### Data ###
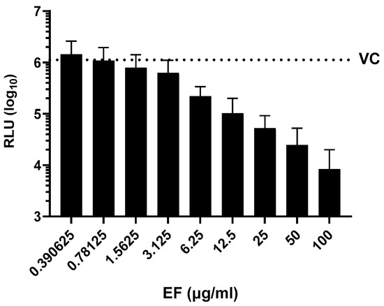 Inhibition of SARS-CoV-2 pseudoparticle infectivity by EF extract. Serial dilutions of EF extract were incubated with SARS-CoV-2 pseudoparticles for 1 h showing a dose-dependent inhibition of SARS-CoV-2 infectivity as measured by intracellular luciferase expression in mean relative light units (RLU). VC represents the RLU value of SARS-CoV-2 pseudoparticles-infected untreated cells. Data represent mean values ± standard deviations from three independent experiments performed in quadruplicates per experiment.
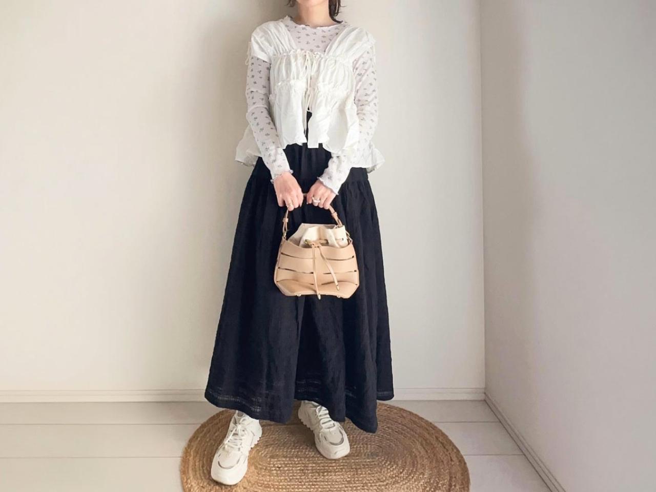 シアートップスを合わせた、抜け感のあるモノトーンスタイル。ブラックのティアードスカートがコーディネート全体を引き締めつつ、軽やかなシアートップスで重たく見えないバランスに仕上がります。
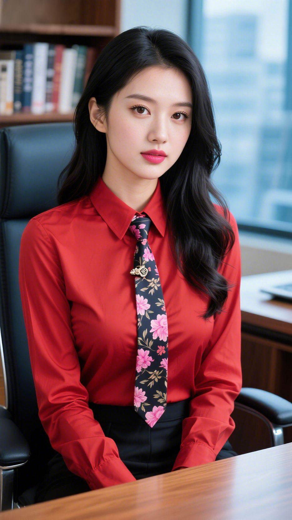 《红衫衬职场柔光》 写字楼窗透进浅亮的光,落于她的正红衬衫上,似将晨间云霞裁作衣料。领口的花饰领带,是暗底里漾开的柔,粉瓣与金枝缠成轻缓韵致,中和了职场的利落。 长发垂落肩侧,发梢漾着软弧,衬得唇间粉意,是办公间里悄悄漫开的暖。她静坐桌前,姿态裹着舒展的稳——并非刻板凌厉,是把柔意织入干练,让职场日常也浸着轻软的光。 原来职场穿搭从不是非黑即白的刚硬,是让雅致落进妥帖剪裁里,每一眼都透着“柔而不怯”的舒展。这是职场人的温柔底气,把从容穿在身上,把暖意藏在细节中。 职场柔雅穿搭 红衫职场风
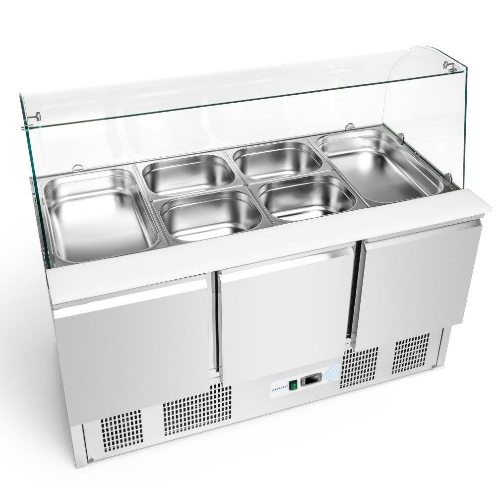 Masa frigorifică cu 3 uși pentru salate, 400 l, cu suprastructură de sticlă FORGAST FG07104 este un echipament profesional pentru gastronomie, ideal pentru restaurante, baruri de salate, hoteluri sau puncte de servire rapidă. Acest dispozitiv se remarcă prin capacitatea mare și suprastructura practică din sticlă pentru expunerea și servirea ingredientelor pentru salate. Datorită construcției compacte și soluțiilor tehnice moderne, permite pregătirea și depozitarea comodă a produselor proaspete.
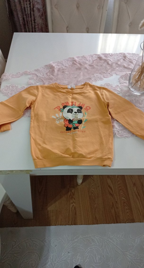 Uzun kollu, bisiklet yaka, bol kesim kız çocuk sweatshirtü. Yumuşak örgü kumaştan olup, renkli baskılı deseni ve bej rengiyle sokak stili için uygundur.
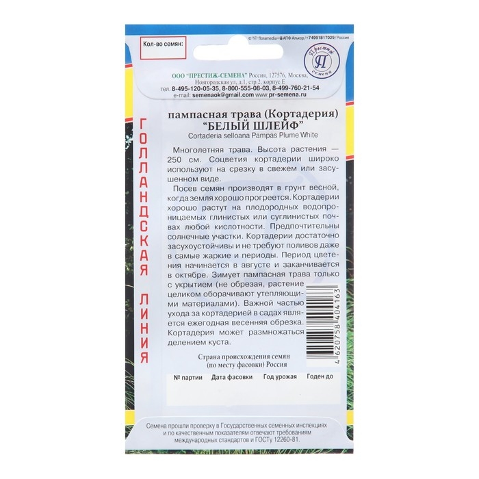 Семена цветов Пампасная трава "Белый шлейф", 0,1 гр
###
### Data ###
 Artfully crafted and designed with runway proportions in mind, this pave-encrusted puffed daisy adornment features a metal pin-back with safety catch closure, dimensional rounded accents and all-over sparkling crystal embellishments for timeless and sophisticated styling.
###
Your task
Going by the entries above, repeat exactly the lines that start at the line with "Uzun kollu, bisiklet" and go on through the line with "Семена цветов Пампасная". Pictures are not part of the copy.

Task response
 Uzun kollu, bisiklet yaka, bol kesim kız çocuk sweatshirtü. Yumuşak örgü kumaştan olup, renkli baskılı deseni ve bej rengiyle sokak stili için uygundur.
 Семена цветов Пампасная трава "Белый шлейф", 0,1 гр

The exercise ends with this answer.